La chaine de télévision Arte vient de diffuser le film autobiographique d’Agnès Varda, Les Plages d’Agnès (2008).

 En 2008, Agnès Varda vient d’avoir 80 ans. Dans son film, elle écrit son autobiographie avec pour fil conducteur les plages de sa vie : celles de Belgique, qui marquèrent son enfance ; celles de Sète, ville où sa famille se replia dans la déroute de 1940 ; celles de Noirmoutier, où elle et son mari Jacques Demy achetèrent un moulin ; celles de Californie, où elle passa une partie des turbulentes années soixante.

 Varda commença sa carrière comme photographe au Théâtre Nationale Populaire de Jean Vilar. L’esthétique du film est celle de la photographie : il nous présente une série de scènes préparées pour une prise de vue. On construit un décor, on met en place des personnages, on les habille de couleurs, ils prennent la pause, on envoie la lumière. Agnès présente chaque scène d’une voix chaleureuse ; la fin de chaque phrase ne chute pas mais reste en suspens, comme pour nous dire que l’évocation du passé ouvre sur l’avenir.

 Les films de Varda et de Demy, mais aussi la Sandrine Bonnaire révoltée de « sans toit ni loi » de Pialat, sont puissamment présents dans « les plages d’Agnès ». On y trouve aussi des références au surréalisme, en particulier à Magritte. Dans un moment particulièrement poétique, Agnès est au gouvernail d’une barque de pêcheurs à voile triangulaire dans le port de Sète ; soudain, celle-ci navigue sur la Seine à Paris, la capitale où la jeune artiste est « montée ».
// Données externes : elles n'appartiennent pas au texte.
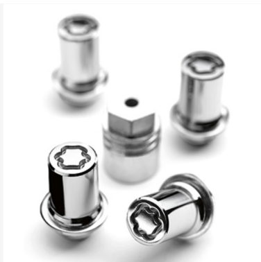
Rato užrakto varžtas

 Les Plages d’Agnès est un film plein de beauté, de nostalgie et de confiance en la nature humaine. Lorsqu’Agnès évoque Jacques Demy, mort du Sida en 1990, l’émotion est à fleur de peau, bien qu’exprimée de manière pudique et délicate. Au-delà de la cinéaste, de la militante, de l’artiste, nous découvrons une femme de cœur.